NEWS

BLOG: Self-Driving Trucks – Hazard or Innovation?

Rumors have it that self-driving trucks may be appearing on roads near you. In 2016, Budweiser ran a shipment 120 miles through the state of Colorado, successfully, with a self-driven truck.

 

Many questions arise from this technological advance: Will this cause a decline in drivers? How do they even work? And most importantly, how safe could these trucks be?

 

With the introduction of this innovative technology there is a worry that the need for drivers will decrease 50-70% within the next thirteen years. However, these numbers are not logical. Although the trucks drive themselves, they still require a driver to sit in the cab. The idea behind the truck is to select the auto pilot feature to fight fatigue on long highways. The driver can take over at any time to change lanes, exit, or for any other reason. They are also needed for pulling into docks, dropping trailers, and navigating smaller roads.

 

Many accidents involving 18-wheelers occur when drivers become drowsy and this innovation will assist in decreasing these crashes.
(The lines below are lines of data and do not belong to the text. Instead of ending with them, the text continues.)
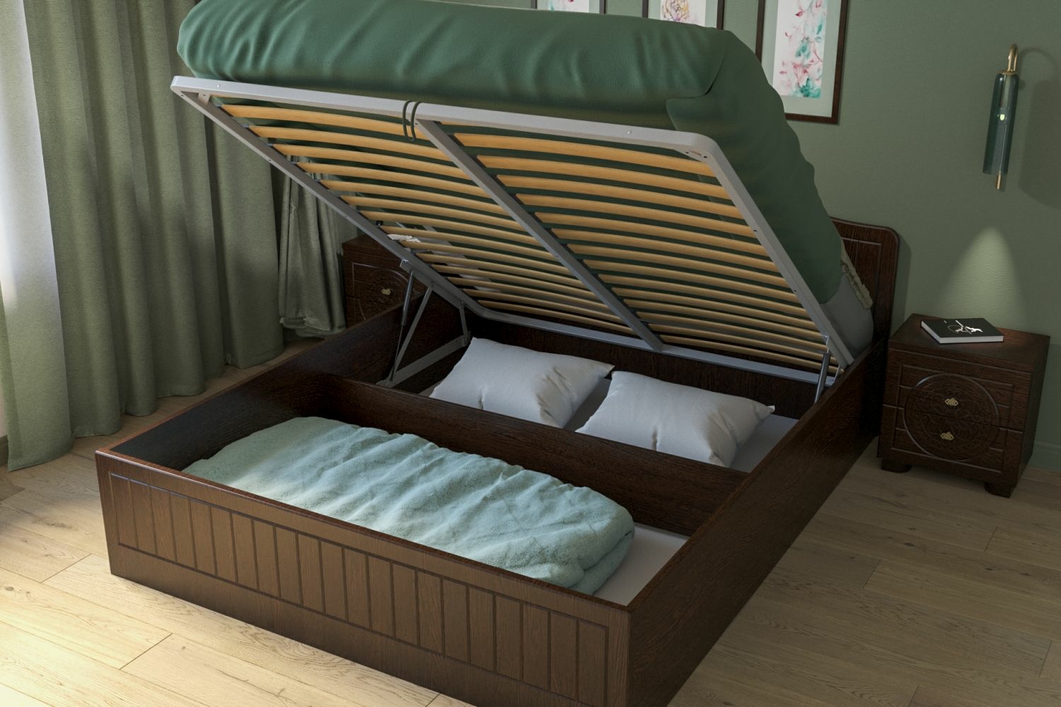 Материал корпуса/фасада: ЛДСП/МДФ. Цвет корпуса/фасада: венге/орех шоколадный. Размеры модуля (в/ш/г) в мм: 1130х1672х2070. Основание кровати: ламели с подъемным механизмом. Особенности: короб для хранения постельного белья.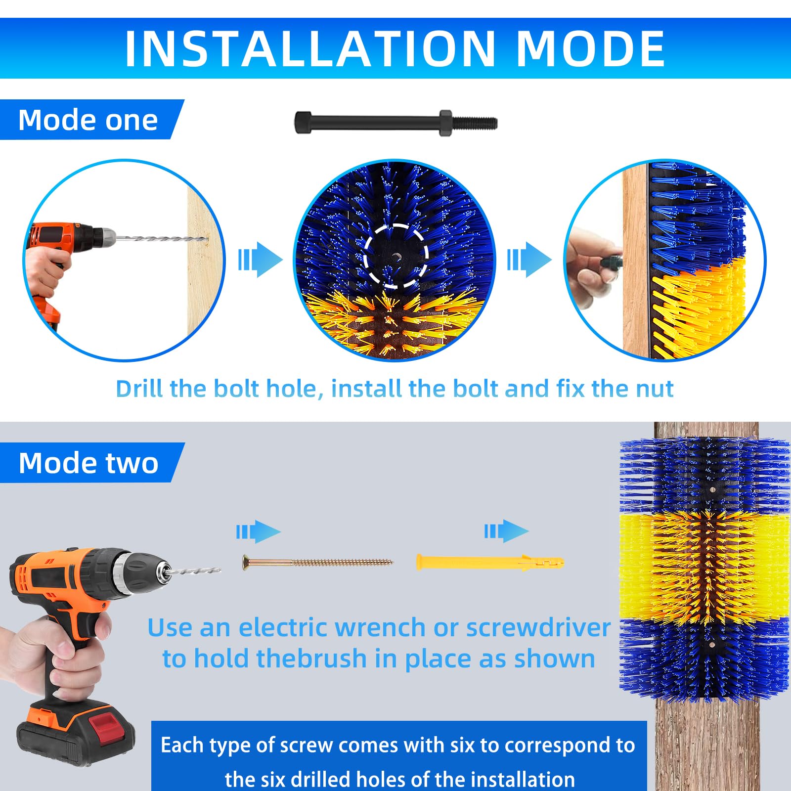 【Easy Installation】Our products feature a special upgraded design that allows them to be bent around a tree stump or fence post, or nailed flat to a fence or wall. Each product comes with two different sets of screws, each set of screws comes with 6 pieces to correspond to the 6 connection holes of the brush, which provides users with a wide range of installation options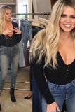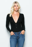 The Mystylemode Plunging V neck, ribbed bodysuit is a must have staple in your wardrobe and perfect for ANY season. It features a plunging V-neck, long sleeves, snap buttons down the center, and amazing ribbed material! This bodysuit is wearable on any day and so stylish that you will always want to wear this bodysuit. Perfect to wear with our Mystylemode skirts or with jeans to look fabulous and comfortable at the same time.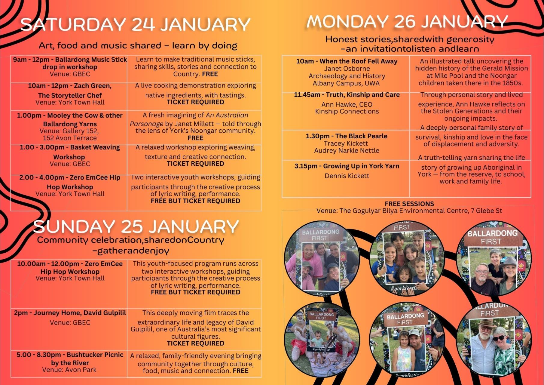 Ballardong First is a community-led celebration of Ballardong Noongar culture, created by Ballardong community members and supported by Wheatbelt Arts & Events Inc.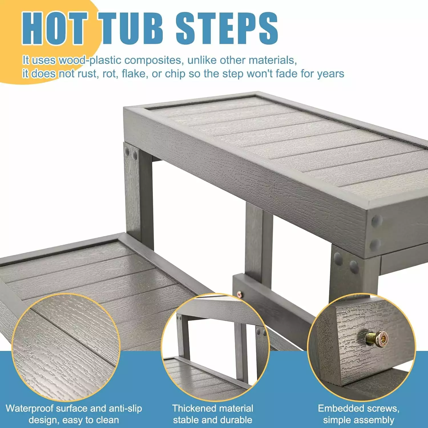 High-quality Spa Steps: It uses wood-plastic composites. unlike other materials. it does not rust. rot. flake. or chip so the step won’t fade for years.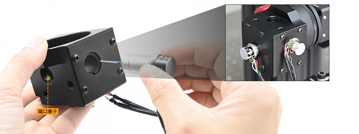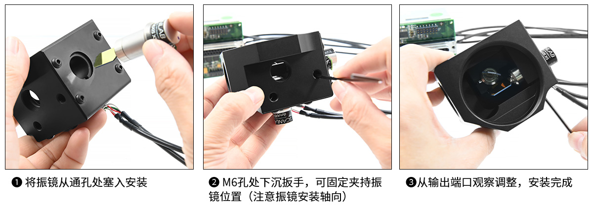 3)X軸和Y軸振鏡通過兩側面的通孔安裝。兩處M6通孔,可插入3mm六角扳手協(xié)助擰緊撓性夾具,從而固定/拆卸振鏡的位置。上方的SM05螺孔處的端口塞子可拆卸,做觀察孔協(xié)助振鏡安裝。
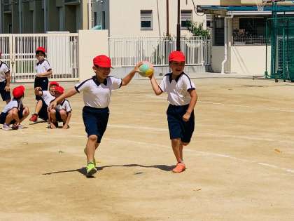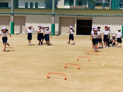 友だちと協力してボールを運んだり、リズムよくハードルを跳び越したり、楽しくリレーの学習に取り組みました。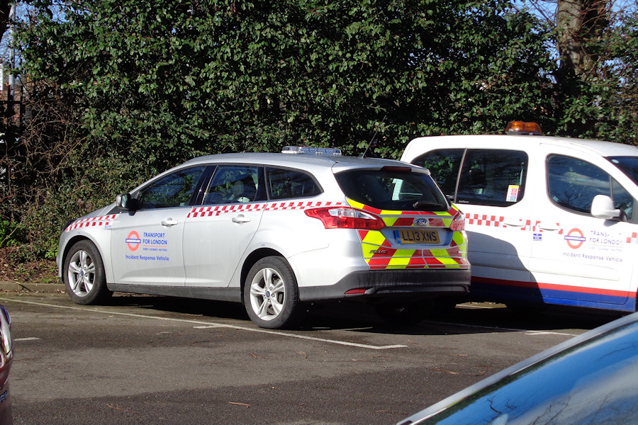 Details: In early 2016 a number of existing service vehicles were transformed into Incident Response Vehicles, usually by the addition of battenburg striping, suitable lettering and light-bars. This was in connection with a change in regulations that now permits such vehicles to use bus lanes when attending to incidents. Among the vehicles involved were the four Citroen Berlingo estate cars allocated to the Central line, such as 7511C seen on the right in this view of Loughton Station car park taken on 7th March 2016. The nearer vehicle has been similarly treated but started out as an un-marked car. Ford Focus estate LL13XNS was new in July 2013 and has now been given the fleetnumber 8171F. This sets it almost 500 numbers higher than the 9 other Focus estates with registrations in the LL13X-- range. |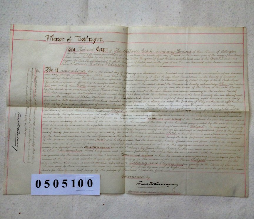 Frederick Dixon ROBINSON of Tottington, Lancashire. Gentleman. Mary Ann WALSH formerly of 46 Bridge Street, Ramsbottom, Lancashire now of 35 Dundee Lane, Ramsbottom, Lancashire. Spinster. Eliza WALSH formerly of 46 Bridge Street, Ramsbottom, Lancashire now of 35 Dundee Lane, Ramsbottom, Lancashire. Spinster. Robert BRIDGE of 4 St Pauls Street, Ramsbottom, Lancashire. Caretaker. SUBJECT The 2 Misses Walsh are selling copyhold property in Ramsbottom to Robert Bridge for £160. Accordingly, Mary and Eliza Walsh are surrendering the property to the Manor and Robert Bridge is being admitted to the Manor on payment of a fine of a 1/2d. The property is a dwelling house at number 86 Carr Street, Ramsbottom. The 'Lord of the Manor' is the Clitheroe Estate Company Limited. | |||||||||||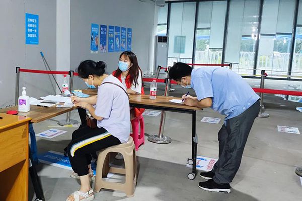 张雨童指导社区群众填写疫苗接种登记表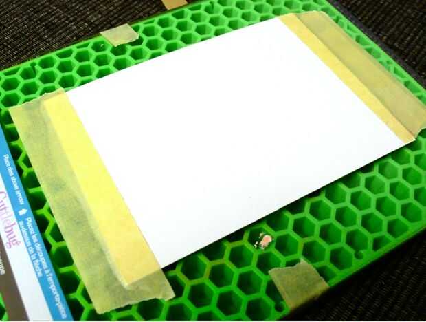 Para mejores resultados, tomar al menos 2 o 3 pedazos de papel vas a imprimir en (utiliza tarjetas de papel fuente A2) y con cinta adhesiva a la placa B. Esto proporciona un cojín y una impresión más profunda.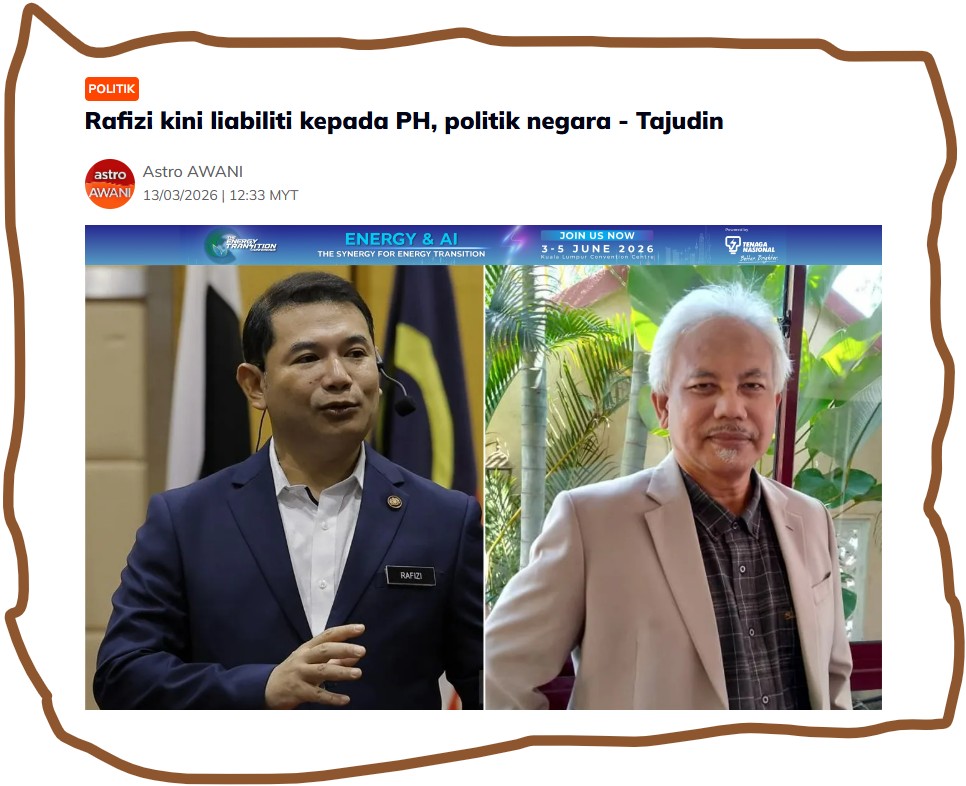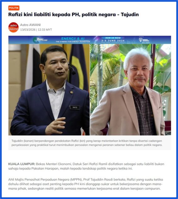 FORMER economy minister Datuk Seri Rafizi Ramli has taken a swipe at pro-Madani political observer/commenter Prof Tajuddin Rasdi who recently claimed that the former has shifted “from being a Pakatan Harapan (PH) asset to someone who is difficult to cooperate with any party”.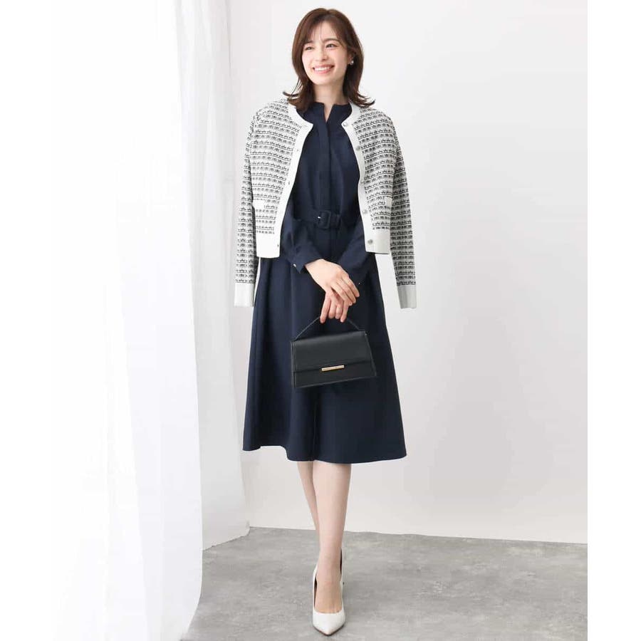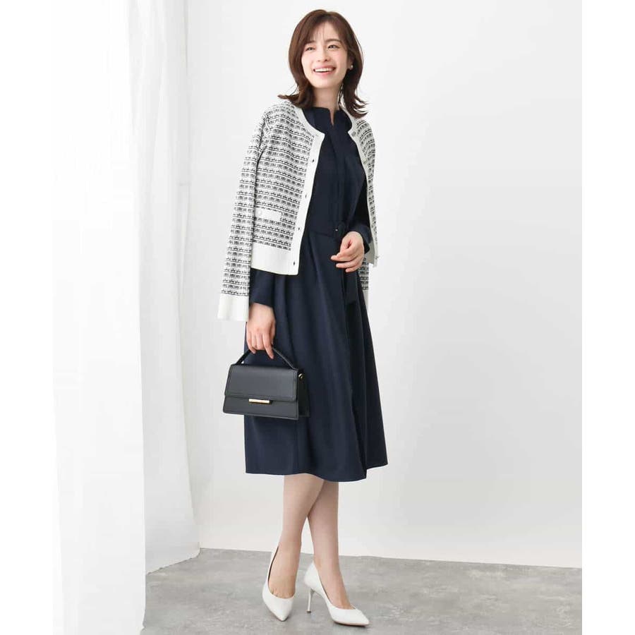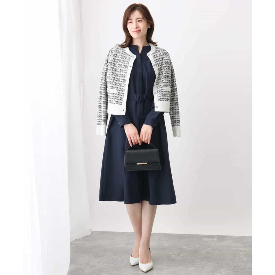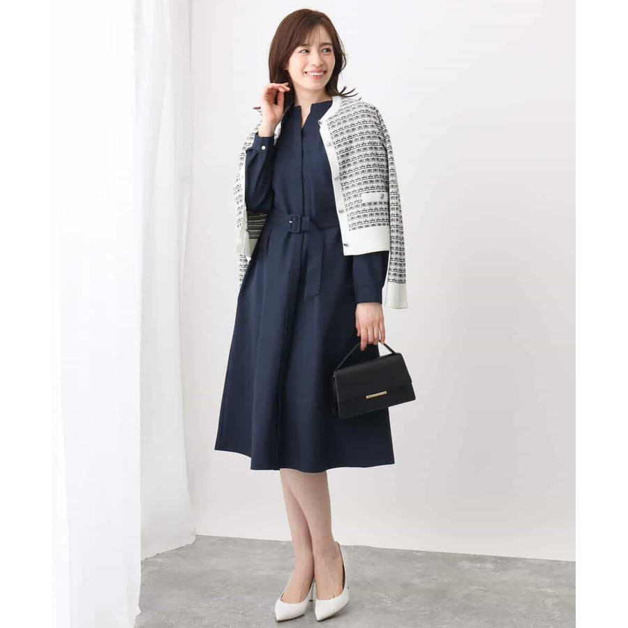 コーディネート要らずのワンピースはきちんと見え。ジャケットやカーディガンとも相性良く着こなせるのでオフィスシーンにも最適です。フロントを開けて羽織りとしても着用できる2way仕様です。

If an event occurs in which the truck cannot drive in a certain condition, such as snow, the driver will take over and safely navigate the truck in a more traditional manner.

 

These trucks can also sense and adapt to the speeds of cars around it to gauge a safe speed. Additionally, they are programed to keep a safe distance from vehicles around them. A cruise control can also be in affect when autopilot is activated. Cameras allow the truck to see the lines on the road to prevent it from drifting into another lane.

 

Trucks are being tested and monitored across the nation. In 2016, there were self-driving trucks conquering long distances throughout Colorado, Ohio, and Nevada. Many of the areas allowed the trucks to be tested in ideal traffic and roads.

 

Other aspects that haven’t entered the industry wide conversation include:  government regulations, safety precautions, and the decision process of these vehicles when in a dilemma. When there is no longer a need for a driver to be present, how will the autonomous vehicle make a decision in an unpredictable situation?

 

Due to the size of these trucks, it will take time before they are regularly seen out on the roads. However, they will start popping up around the nation more so in the next decade!